▸ EXERCISE DATA

--

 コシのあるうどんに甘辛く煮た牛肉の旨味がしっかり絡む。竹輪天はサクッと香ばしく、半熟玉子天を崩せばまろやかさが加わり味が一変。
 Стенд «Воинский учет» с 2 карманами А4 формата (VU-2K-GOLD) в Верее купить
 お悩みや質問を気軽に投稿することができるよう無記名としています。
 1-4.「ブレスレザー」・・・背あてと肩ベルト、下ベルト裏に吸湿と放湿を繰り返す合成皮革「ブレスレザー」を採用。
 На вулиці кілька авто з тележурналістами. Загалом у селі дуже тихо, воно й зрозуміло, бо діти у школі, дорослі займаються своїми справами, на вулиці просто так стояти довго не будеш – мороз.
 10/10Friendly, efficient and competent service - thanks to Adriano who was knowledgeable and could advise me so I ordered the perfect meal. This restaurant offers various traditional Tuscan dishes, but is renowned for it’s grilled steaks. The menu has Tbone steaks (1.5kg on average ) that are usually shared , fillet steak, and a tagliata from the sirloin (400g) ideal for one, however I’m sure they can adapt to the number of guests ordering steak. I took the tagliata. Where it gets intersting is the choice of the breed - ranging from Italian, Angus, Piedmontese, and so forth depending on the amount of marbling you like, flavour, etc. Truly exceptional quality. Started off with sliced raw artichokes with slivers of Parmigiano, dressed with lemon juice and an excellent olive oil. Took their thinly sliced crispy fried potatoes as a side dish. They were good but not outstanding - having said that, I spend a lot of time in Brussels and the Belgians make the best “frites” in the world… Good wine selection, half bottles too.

--

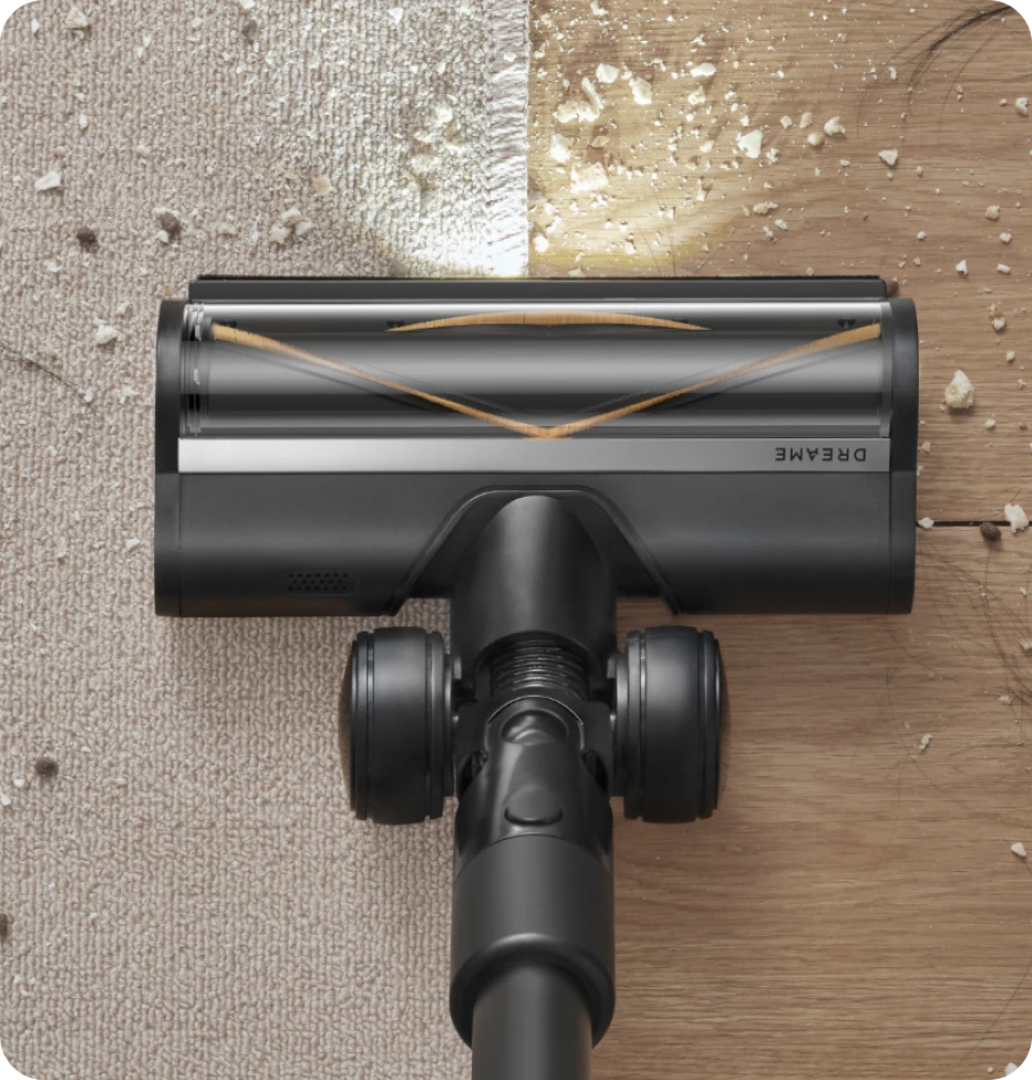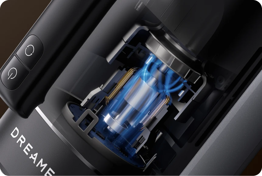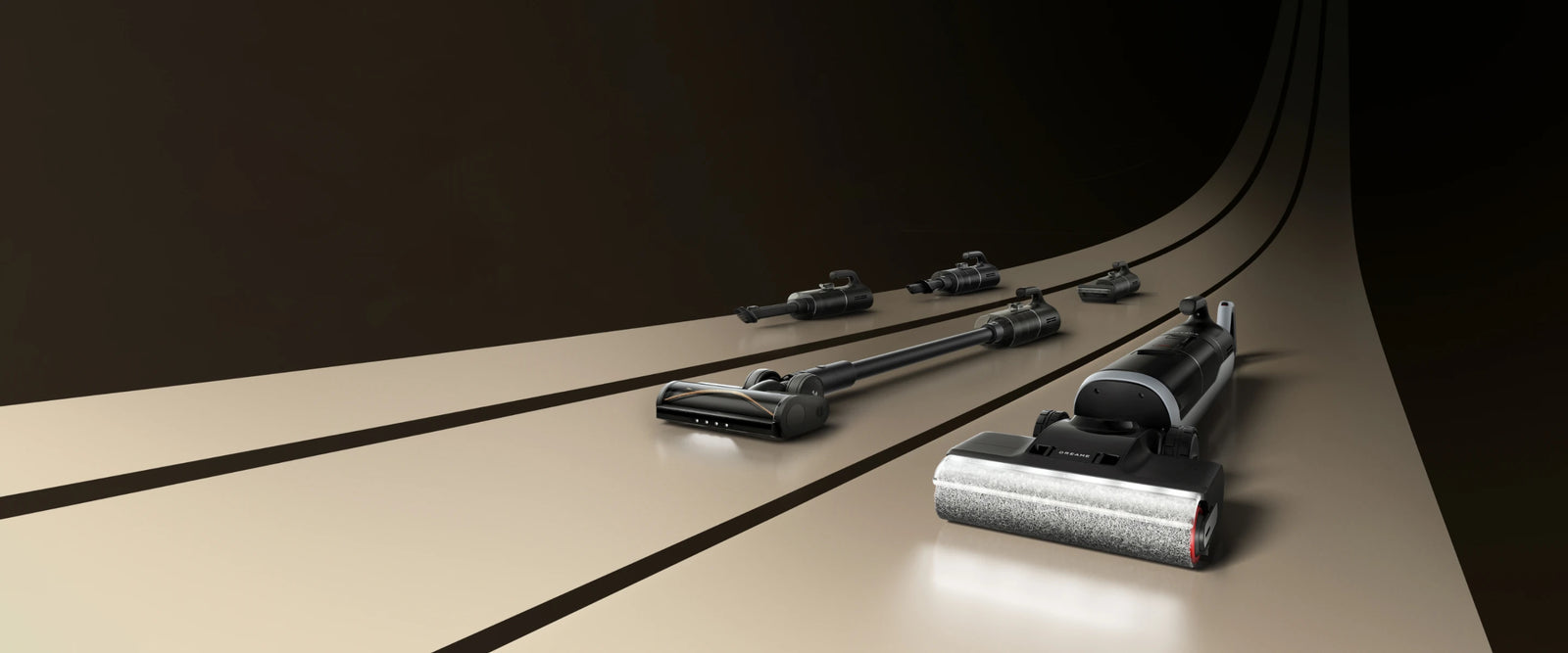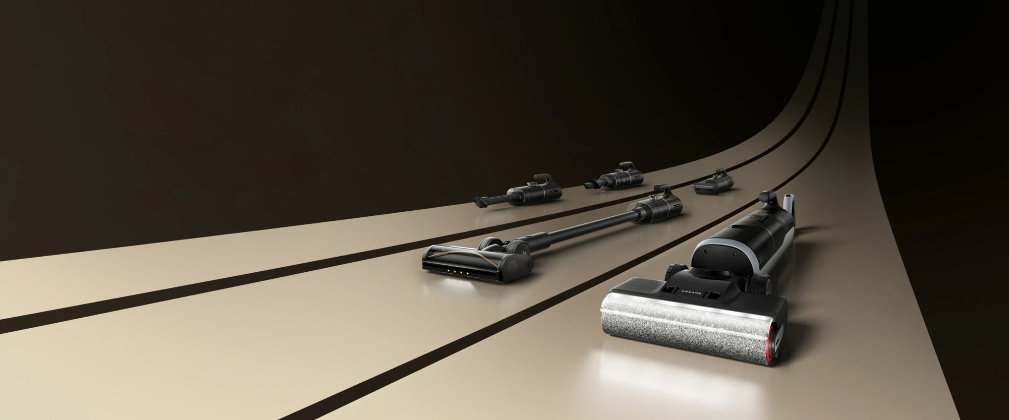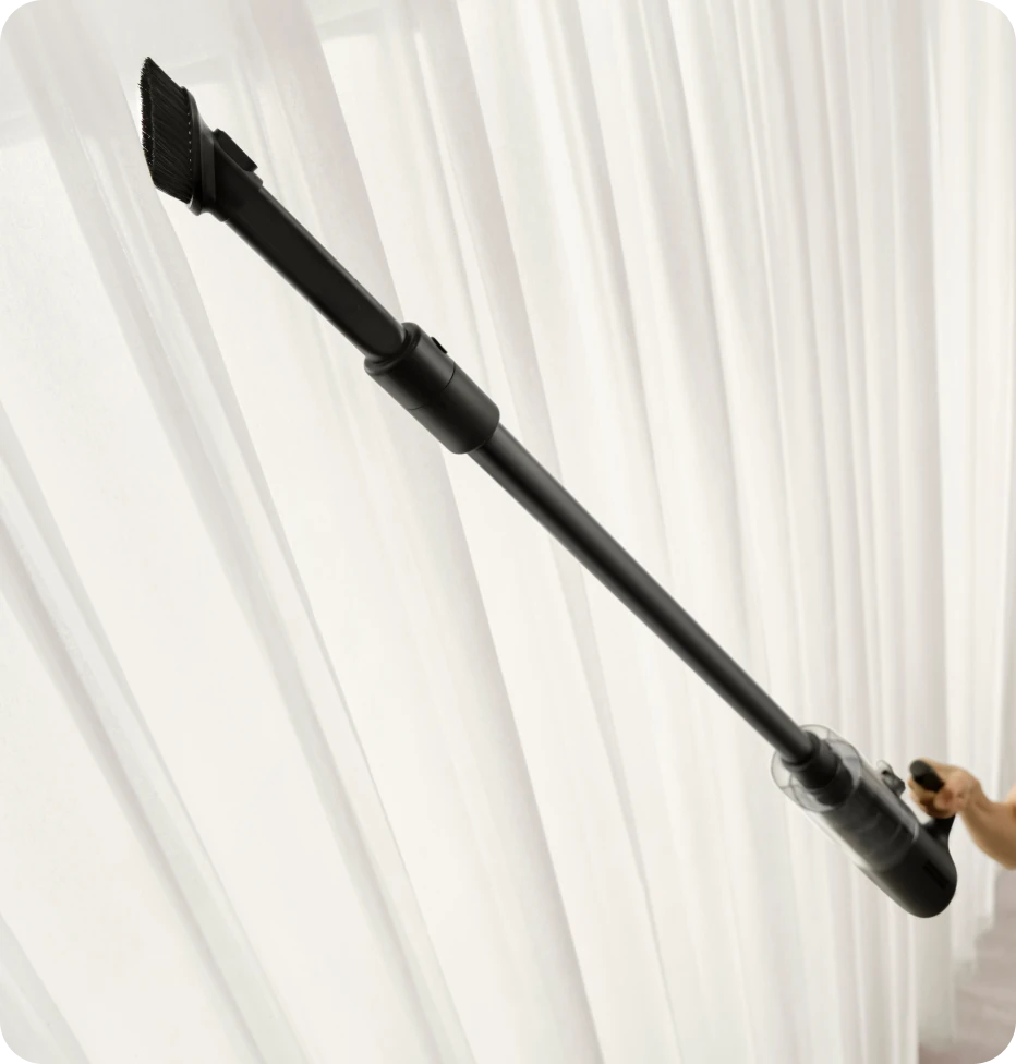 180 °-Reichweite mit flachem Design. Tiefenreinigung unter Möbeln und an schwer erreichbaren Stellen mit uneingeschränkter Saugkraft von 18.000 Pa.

--

▸ WHAT YOU SHOULD DO
Could you restate word for word the lines above from the one containing "1-4.「ブレスレザー」・・" through the one containing "10/10Friendly, efficient and", both included, and nothing else?

▸ RESPONSE TO THIS EXERCISE
 1-4.「ブレスレザー」・・・背あてと肩ベルト、下ベルト裏に吸湿と放湿を繰り返す合成皮革「ブレスレザー」を採用。
 На вулиці кілька авто з тележурналістами. Загалом у селі дуже тихо, воно й зрозуміло, бо діти у школі, дорослі займаються своїми справами, на вулиці просто так стояти довго не будеш – мороз.
 10/10Friendly, efficient and competent service - thanks to Adriano who was knowledgeable and could advise me so I ordered the perfect meal. This restaurant offers various traditional Tuscan dishes, but is renowned for it’s grilled steaks. The menu has Tbone steaks (1.5kg on average ) that are usually shared , fillet steak, and a tagliata from the sirloin (400g) ideal for one, however I’m sure they can adapt to the number of guests ordering steak. I took the tagliata. Where it gets intersting is the choice of the breed - ranging from Italian, Angus, Piedmontese, and so forth depending on the amount of marbling you like, flavour, etc. Truly exceptional quality. Started off with sliced raw artichokes with slivers of Parmigiano, dressed with lemon juice and an excellent olive oil. Took their thinly sliced crispy fried potatoes as a side dish. They were good but not outstanding - having said that, I spend a lot of time in Brussels and the Belgians make the best “frites” in the world… Good wine selection, half bottles too.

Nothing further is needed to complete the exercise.